SUAREZ: But Fernando Martin said that there are some conditions that the U.S. would set for Puerto Ricans that Puerto Ricans would find not only unpalatable, but insurmountable. And certainly the effort in insert "poison pill" language in the Young Bill regarding the status of the Spanish language in Puerto Rico is I think abundant evidence of this.

We -- if you read what pro-statehood people say, they often try to goose up the statistics a little bit on English language facility on the island. People who are hostile to statehood try to state how heavily there is a lack of English language facility. But the truth is, basically Puerto Rico is a place that works in Spanish.

ROMEU: Well let me just comment on that, I have two comments. One, it goes without saying that some people don't understand that Puerto Rico has had an official -- as official languages English and Spanish longer than any other state of the union, that is, since 1902. Only Nebraska recognized English as its official language starting in 1920.

So contrary to popular belief, there is a reality in Puerto Rico that language is the language of opportunity. I think the proof is in the pudding.

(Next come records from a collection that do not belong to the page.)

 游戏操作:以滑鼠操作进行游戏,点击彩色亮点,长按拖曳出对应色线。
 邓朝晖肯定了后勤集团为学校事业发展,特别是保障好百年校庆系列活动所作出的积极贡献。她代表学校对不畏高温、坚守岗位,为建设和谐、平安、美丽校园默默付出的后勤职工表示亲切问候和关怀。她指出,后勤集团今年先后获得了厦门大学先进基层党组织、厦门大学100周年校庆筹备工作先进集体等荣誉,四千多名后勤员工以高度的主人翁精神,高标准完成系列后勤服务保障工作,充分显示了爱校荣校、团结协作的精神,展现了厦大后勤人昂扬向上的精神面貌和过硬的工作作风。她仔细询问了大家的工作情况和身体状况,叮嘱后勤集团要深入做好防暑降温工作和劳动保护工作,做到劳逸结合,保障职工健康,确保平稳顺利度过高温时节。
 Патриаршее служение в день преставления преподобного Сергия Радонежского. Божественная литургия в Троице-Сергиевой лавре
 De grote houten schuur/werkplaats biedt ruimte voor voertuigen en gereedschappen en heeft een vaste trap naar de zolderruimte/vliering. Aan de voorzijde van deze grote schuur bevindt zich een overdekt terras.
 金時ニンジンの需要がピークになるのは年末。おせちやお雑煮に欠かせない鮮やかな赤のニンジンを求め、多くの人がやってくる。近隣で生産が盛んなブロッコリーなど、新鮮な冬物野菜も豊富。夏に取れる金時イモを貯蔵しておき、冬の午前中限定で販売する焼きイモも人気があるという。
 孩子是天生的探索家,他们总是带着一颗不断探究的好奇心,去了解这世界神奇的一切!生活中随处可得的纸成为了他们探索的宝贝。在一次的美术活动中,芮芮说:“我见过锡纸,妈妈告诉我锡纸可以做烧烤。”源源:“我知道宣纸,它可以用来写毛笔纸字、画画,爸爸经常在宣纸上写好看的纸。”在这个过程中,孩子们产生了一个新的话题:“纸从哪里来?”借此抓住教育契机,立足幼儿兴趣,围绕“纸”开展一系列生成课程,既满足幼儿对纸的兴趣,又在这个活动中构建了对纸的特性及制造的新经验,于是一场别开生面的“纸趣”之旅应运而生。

You ask the majority of the leaders of all of the parties in Puerto Rico where they send their kids to and they will make certain that they have sent their kids to schools that of course do provide that opportunity.

But more to the point, on the question of language, people seem to be a bit hung up about language and Puerto Rico. And they seem to think that it -- that this is an issue unique to Puerto Rico and its -- to its potential admission in to the union. That's not so.

The same argument was made about Ohio -- Ohio of all states, back in the 19th century, "don't admit Ohio in to the union. Most of the people in Ohio are German and they speak German." To a certain extent the same argument was made about Louisiana, although to a lesser extent, with the French language and the fact that they continue to teach French in the parishes in Louisiana.

And more interestingly, in the case of New Mexico which resembles more closely the case of Puerto Rico where they had a large Hispanic population, at times seen as a majority population, and where the state has had English and Spanish as official languages.

I think the issue of language, Ray, ultimately is a straw man. I say since we have an audience that includes the continental U.S. and our brothers and sisters in the New York community and others, the language does not make the Puerto Rican.

I don't believe that anybody would go to the streets of New York and say, "simply because you do not speak the language, simply because you may have a little bit of an accent or you don't speak it at all that makes you less Puerto Rican."

Ultimately language will be what it's gonna turn out to be, a non-issue. It'll be resolved by the Supreme Court and then we'll be happy to continue with our civil rights struggle.

SUAREZ: Fernando Martin?

GARCIA: Well I think that there is a fundamental, with all respect, misconception in Xavier's approach to this problem. The problem of Puerto Rico is not primarily a problem of civil rights. The primary problem of Puerto Rico is the problem of colonialism.

If the problem were simply one of disenfranchisement, of course it could be solved by statehood. But of course that would be to say that the people in Quebec should not have or would not had -- will not have an independence movement because they all have full and equal participation in the Canadian body politic.

Or that the people in Ireland because they had full enfranchisement after the act of union at the beginning of the 19th century should have stopped being an Irish people distinct and separate from the United States.

The problem of Puerto Rico vis-a-vis the United States and the issue of statehood is that Puerto Rico is a full-fledged Latin American nation. This is not a problem of the rights of immigrants or of rights of individuals.

In this case, this is the right of the people of Puerto Rico to govern themselves. And of course statehood would be an abdication of that right. And from the point of view of the United States, at this stage in history, there has been no nation state that has successfully incorporated as an integral part of it another nation.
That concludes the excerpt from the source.